*EXERCISE MATERIAL*:

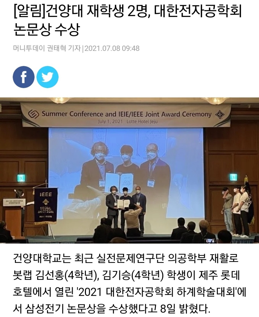 『 [축]4학년 김선홍/김기승 대한전자공학회 논문상 수상 』글의 상세내용을 확인하는 표로 제목, 부서명, 등록일, 조회, 첨부, 내용으로 나뉘어 설명합니다.
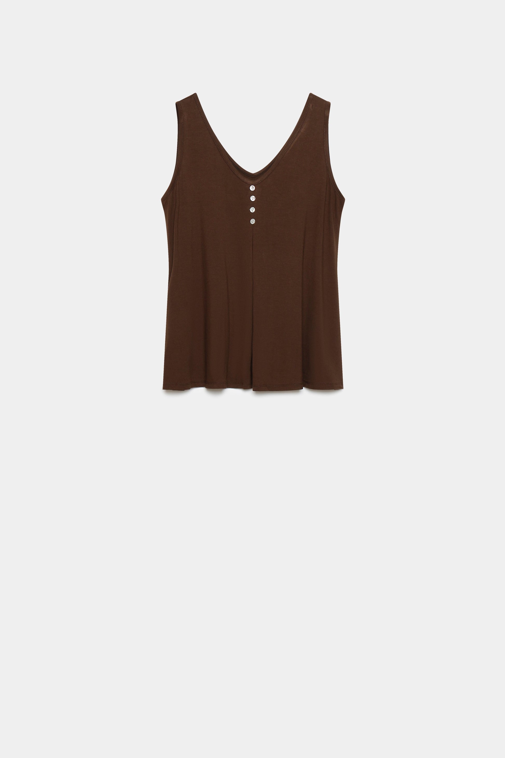 Tejido fluido. Escote pico. Tirantes anchos. Botones decorativos.
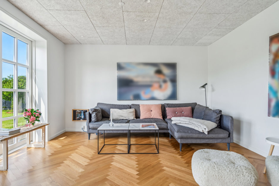 Den store, smagfuldt moderniserede bolig byder på en lys og indbydende atmosfære, hvor der er kræset for detaljerne. Indretningen rummer blandt andet et elegant og funktionelt køkken i åben forbindelse med de hyggelige opholdsstuer, hvor dagslyset strømmer ind fra flere verdenshjørner. Herfra er der direkte udgang til en solrig terrasse med udendørs spa og skøn udsigt over de grønne arealer. I stueplan findes desuden flere gode værelser, badeværelser, sauna samt et praktisk bryggers, mens førstesalen byder på forældreafdeling med walk-in closet og eget badeværelse.
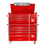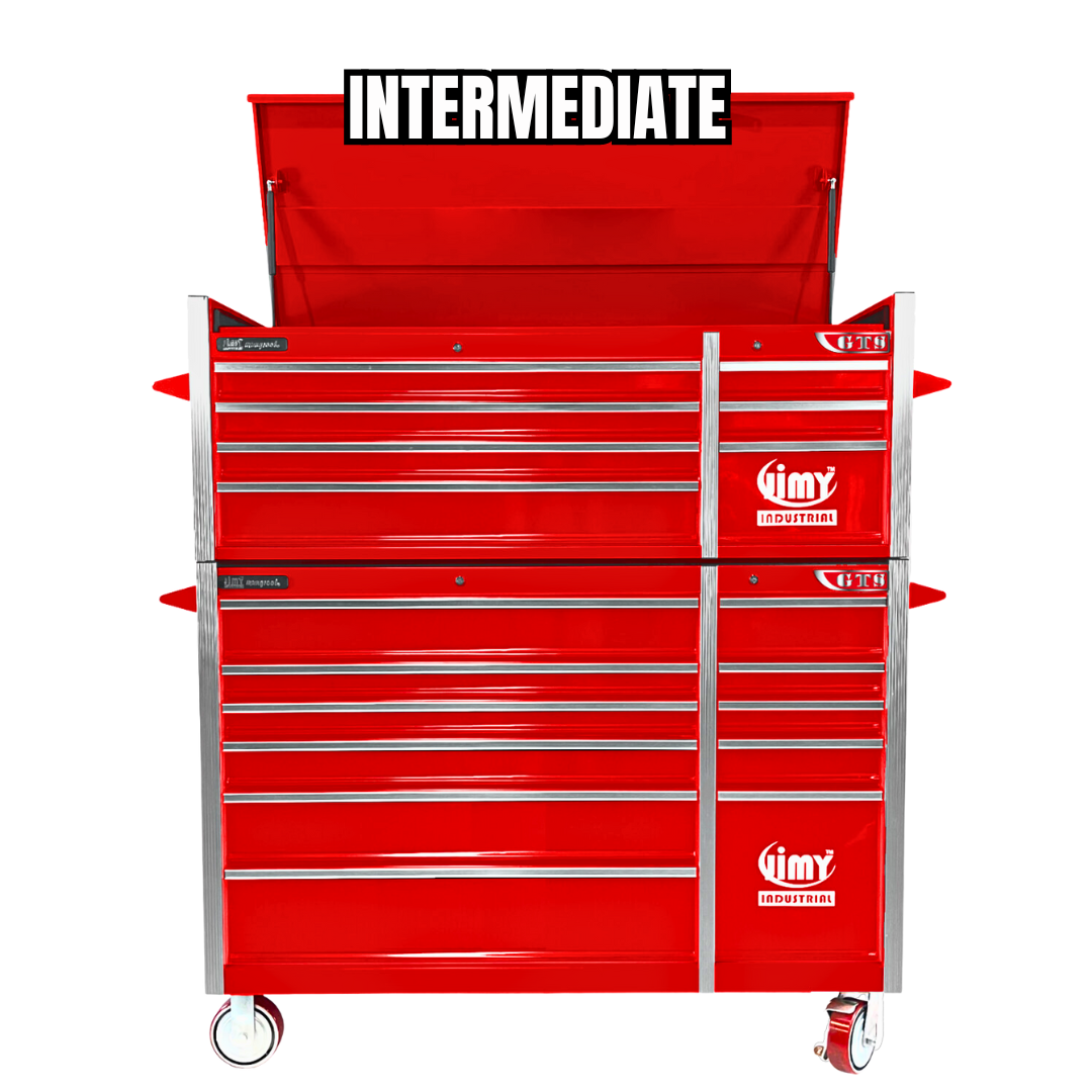 The 18 drawer roller cabinet ‘GTS’ Mechanic’s Tool Kit from Jimy Tools offers a wide range of tools for the trade’s person. The kit consists of a 7 drawer 56” ‘GTS’ tool chest and an 11 drawer 56” ‘GTS’ roller cabinet. Both the tool chest and the roller cabinet have been powder coated with a tough industrial finish and features include 1.2mm thick steel, fully lockable with rear internal locking system and ball bearing slide drawers with twin slides on the deeper drawers. The tool chest also offers a dual gas strut system for the lid.
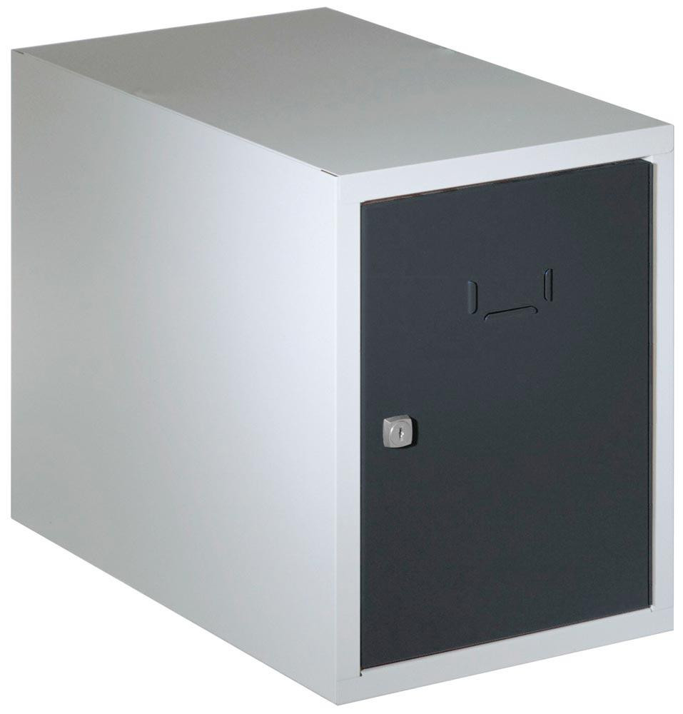 Schließfachwürfel, BxTxH 300x500x380 mm, Tür glatt, Etikettenrahmen, Zylinderschloss, RAL 7035/9005
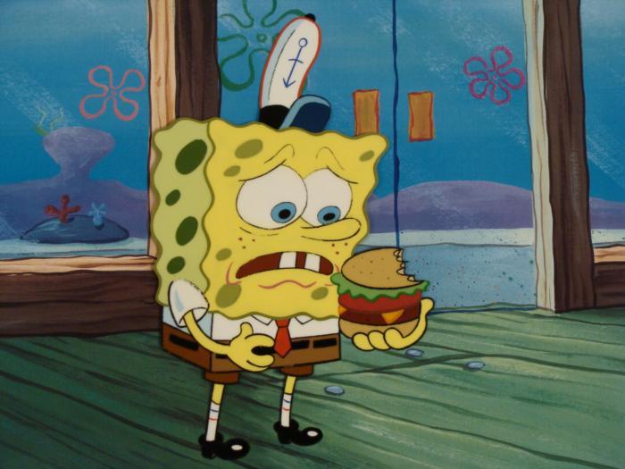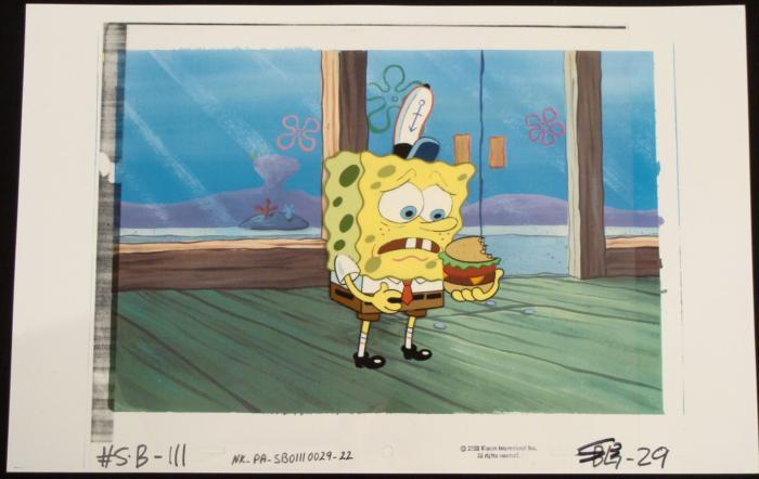 This animation cel and reproduction background are from the Nickelodeon TV show SpongeBob Squarepants. The story takes place under the deep blue sea in Bikini Bottom, where SpongeBob resides. SpongeBob, who is a yellow, porous sponge, is your typical happy-go-lucky character, as he is always cheerful and enjoys making people laugh. Patrick Star, SpongeBob's neighbor who is a starfish, is your average children's show idiot, as he boasts knowing nothing and is often getting himself into ridiculous situations. Between the homes of these two lies the home of the miserable Squidward, a squid, who is known for being grouchy and playing tricks on SpongeBob and Patrick. Both SpongeBob and Squidward work at the Krusty Krab, a fast food business run by the greedy money-loving Mr. Krabs, a crab, the arch rival of the evil, possibly misunderstood, Plankton. Another neighbor, Sandy Cheeks, an athletic squirrel who normally wears an astronaut's space suit, was introduced in "Tea at the Treedome." She spends most of her time inventing and experimenting. This couldn't be...Original Printed Background and Animated Cel Overall Size of Background: 11" x 17" Overall Size of the Cel: 10 1/2" x 12 1/2" Very good condition This is an original hand-painted cel set-up used in the production of an episode of "SpongeBob SquarePants." Each one-of-a-kind set-up represents a slight change in position of the characters. When individually photographed and projected in rapid succession, the images appear to move.
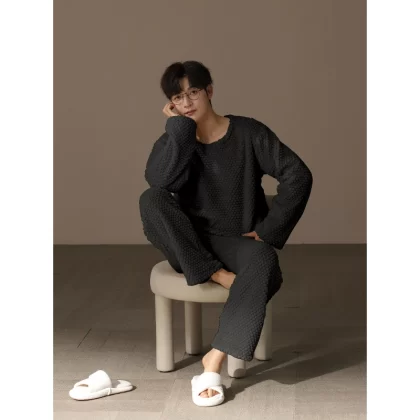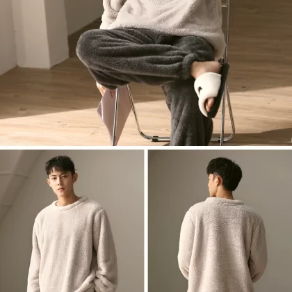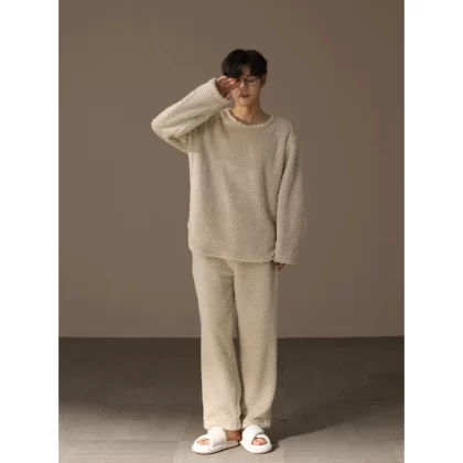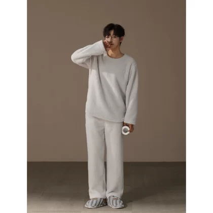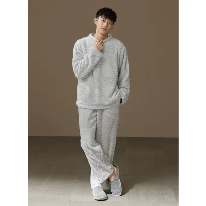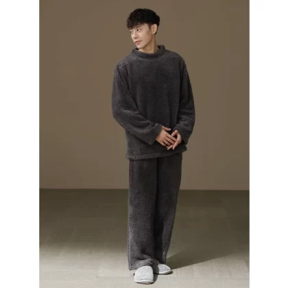 “Thicker and Velvet” keeps warm pajamas Men in autumn and winter coral velvet plush loose straight round necklasses
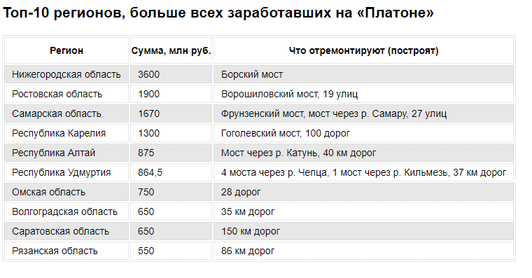 Так, в 2018 году с использованием средств от госсистемы «Платон» построили и восстановили мосты: через Волгу в подмосковной Дубне, через Терек в Чечне, через реку Сосна в Орловской области, Белореченский мост в Краснодарском крае и мост через реку Чепца в Глазове. В начале 2019 года открылся еще один мост в Удмуртии, в течение года будут открыты два моста в Орловской области и Фрунзенский мост в Самаре. Из этих же собранных миллиардов ведется ремонт федеральной трассы Р-243 от Костромы до Перми.
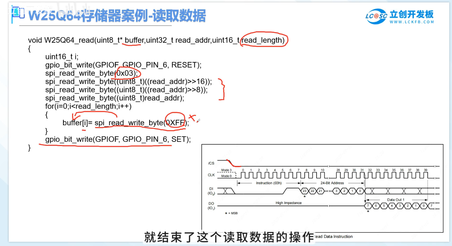 0x03) + 3字节地址 + 持续读数据。CS 在读取期间保持低电平。 -
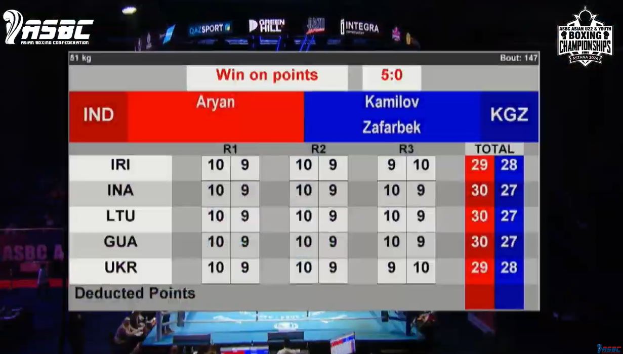 В весовой категории до 51 килограмма Зафарбек Камилов встретился с представителем Индии. Судьи отдали победу сопернику кыргызстанца — 5:0.
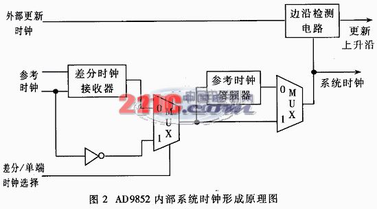 为了实现三片AD9852输出信号波形相位同步,必须保证所有的AD9852芯片在同一个系统时钟节拍下工作,每个AD9852的系统时钟之间的相位误差应该最大不超过一个周期。AD9852内部系统时钟形成原理图如图2所示。AD9852有关分或单端两种参考时钟形式,它们既可以直接形成系统时钟,又可以通过参考时钟倍频器倍频后形成系统时钟,选择哪种参考时钟和是否通过参考时钟倍频器倍频可由用户根据需要自行设置;异步的外部更新时钟经过边沿检测电路后与系统时钟同步,形成上升沿,触内部控制寄存器更新内容。从上述分析中可以看出,只有三处AD9852芯片参考时钟同步,才能避免它们系统时钟彼此之间不同步。下面介绍影响三片AD9852芯片同步工作的几个关键信号。
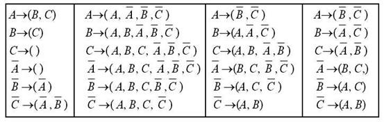В четвертой колонке воспроизводятся записи третьей колонки, но при этом из правой части этих записей исключаются предикаты, образующие в совокупности с субъектом суждения, обратные тем, которые содержатся в CT-замыкании. Например, во второй строке из записи B®(A,
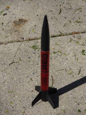 A ready to fly rocket single stage rocket which can take a real beating if it has to. Code Red has a cardboard airframe with molded motor mount which uses a locking ring to secure the motor. Also molded onto the motor mount are four plastic fins. This was a ready to fly rocket so no construction was required except attaching the parachute which was pretty simple. Many have said the nose ...
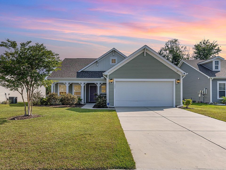 Welcome to your dream home in the Surfside Plantation Community! This stunning home boasts 3 bedrooms, 2 bathrooms, and a bright Carolina room. Enjoy the pond views and the convenience of being just steps from the community pool and minutes from the beach, golf courses, shopping, and restaurants. Inside, you'll find a beautiful open floor plan. The kitchen features stainless steel appliances, and an extended countertop breakfast bar. A vaulted ceiling enhances the dining and great room areas, providing an airy, spacious feel. The large owner's suite includes a large bathroom with a walk-in tiled shower, double sinks, and a spacious walk-in closet. The Carolina room at the rear of the home, with its sliding glass door, opens to a covered porch with an extended concrete patio that leads to the backyard that overlooks the beautiful pond. With ample closet space throughout and a 2-car garage, you'll have plenty of room for storage and vehicles. Surfside Plantation is a natural gas community, offering a natural gas range/oven, hot water heater, furnace, and an additional gas line to the rear yard. This home is a must-see! Schedule a showing today and seize the opportunity to own a great home in an awesome neighborhood!
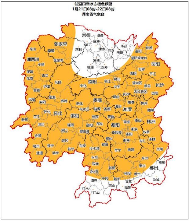 预计21日08时至22日08时,长沙、株洲、湘潭、衡阳、邵阳、岳阳、张家界西部、益阳南部、郴州北部、永州中北部、怀化、娄底、湘西州已出现雨凇或积雪,上述地区未来24小时仍将出现雨凇或积雪,且最低气温≤-2℃,请注意防范。
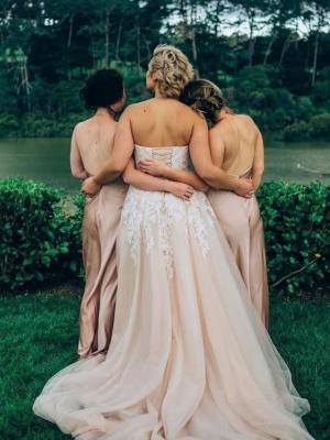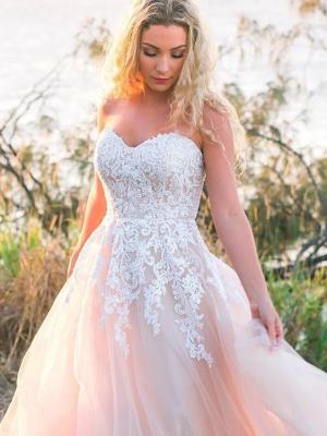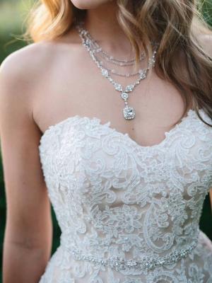 Her strapless sweetheart bodice reveals the décolletage and shoulders and does not seek to compete with the wearer’s bridal beauty.
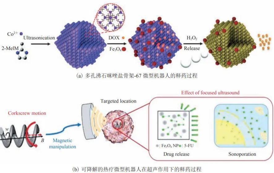 The emergence of micro and nano robots has promoted the development of precision medicine. These miniaturized robots, built through self-assembly, electron beam deposition and 3D printing, can initiate chemical reactions or move in response to external fields such as ultrasound, light and magnetic fields, as well as microbes (cells). They have a wide range of uses in biomedicine, enabling precise cargo delivery by loading drug particles, biological reagents and living cells. It can also be used as a small surgical tool for surgery, treatment of diseases; It can also detect metal ions and other substances in living organisms to do a good job of early diagnosis of disease; In addition, it can also perform medical imaging by different methods such as photoacoustic and magnetic resonance.

*WHAT THIS TASK INVOLVES*: Although pictures appear among the records above, none are to be output; print exactly the lines from the line containing "В весовой категории" through the line containing "В четвертой колонке".

*RESULT OF THE TASK*:
 В весовой категории до 51 килограмма Зафарбек Камилов встретился с представителем Индии. Судьи отдали победу сопернику кыргызстанца — 5:0.
 为了实现三片AD9852输出信号波形相位同步,必须保证所有的AD9852芯片在同一个系统时钟节拍下工作,每个AD9852的系统时钟之间的相位误差应该最大不超过一个周期。AD9852内部系统时钟形成原理图如图2所示。AD9852有关分或单端两种参考时钟形式,它们既可以直接形成系统时钟,又可以通过参考时钟倍频器倍频后形成系统时钟,选择哪种参考时钟和是否通过参考时钟倍频器倍频可由用户根据需要自行设置;异步的外部更新时钟经过边沿检测电路后与系统时钟同步,形成上升沿,触内部控制寄存器更新内容。从上述分析中可以看出,只有三处AD9852芯片参考时钟同步,才能避免它们系统时钟彼此之间不同步。下面介绍影响三片AD9852芯片同步工作的几个关键信号。
В четвертой колонке воспроизводятся записи третьей колонки, но при этом из правой части этих записей исключаются предикаты, образующие в совокупности с субъектом суждения, обратные тем, которые содержатся в CT-замыкании. Например, во второй строке из записи B®(A,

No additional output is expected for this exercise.